Hubert Kario <[email protected]> wrote:
> On Friday, 3 May 2019 16:56:54 CEST Martin Rex wrote:
>> Hubert Kario <[email protected]> wrote:
>> > We've been over this Martin, the theoretical research shows that for
>> > Merkle- Damgård functions, combining them doesn't increase their security
>> > significantly.
>>
>> You are completely misunderstanding the results.
>>
>> The security is greatly increased!
>
> like I said, that were the follow up papers
>
> the original is still Joux:
> https://www.iacr.org/archive/crypto2004/31520306/multicollisions.pdf
Thanks to Peter Gutmann for the summary:
https://mailarchive.ietf.org/arch/msg/tls/g0MDCdZcHsvZefv4V8fssXMeEHs
which you may have missed.
>
>> TLSv1.2 (rsa,MD5) *cough* -- which a depressingly high number of clueless
>> implementers actually implemented, see SLOTH
>
> SLOTH?
SLOTH is a brainfart in the TLSv1.2 spec which is blatently obvious.
If (md5,rsa) was actually shipped in a TLSv1.2 implementation, it indicates
a dysfunctional (or crypto-clueless) QA for the project.

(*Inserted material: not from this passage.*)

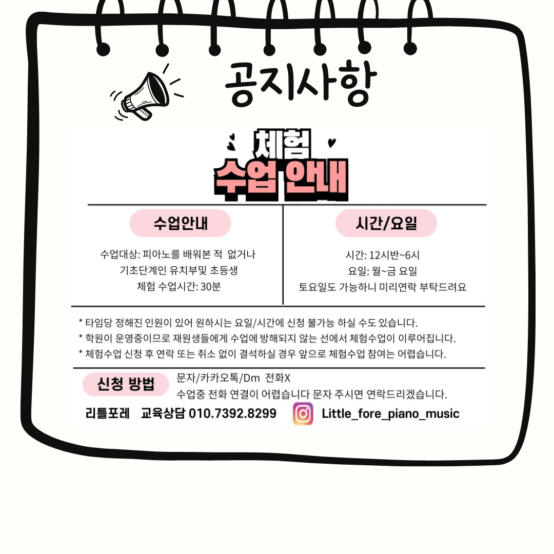 저희 원에서는 피아노 체험수업을 진행하고있습니다 피아노를 배워 본 적이 없거나 기초단계인 유치부 초등생이 참여 할 수 있습니다 ❤️체험 수업 시간은 30분입니다❤️ 오픈 기념으로도 첫달 교재와 레슨노트를 무료로 제공하니, 체험 수업 문의 주시면 자세히 안내 드리도록 하겠습니다😀 🎹 칠금동 현대아파트 상가 2층 202호🎹 ✔️피아노 전공 1:1 맞춤 레슨 ✔️체계적 수준별 맞춤 수업 ✔️성인반 오전 오후반 운영 ✔️매달 연주 영상 발송 ✔️정기적인 콩쿨 참여 ✔️금요 예술융합 특강 수업 ✔️학원어플로 등,하원 출결관리 1:1공지,전체공지,전달 ✔️레슨노트로 매일매일 기록 ✔️방학특강으로 교과과정 이론지도 및 수행평가 대비 ✔️학원 홀 향상 연주회

The erroneous implementation of (md5,rsa) was silently removed from openssl
*without* CVE, after I privately complained about this brainfart having
been added to openssl.
I ranted about the TLSv1.2 digitally_signed brainfart in rfc5246 on
the IETF TLS WG mailing list here (01-Oct-2013):
https://mailarchive.ietf.org/arch/msg/tls/l_R94xX7myvL9x8I_7L7NiDjV9w
assuming that crypto clue and common sense should work.
Looking at what was still affected by the problem end of 2014,
it seems that you *MUST* hit TLS implementors with a CVE
https://www.mitls.org/pages/attacks/SLOTH#disclosure
and can not rely on crypto-clue and common sense.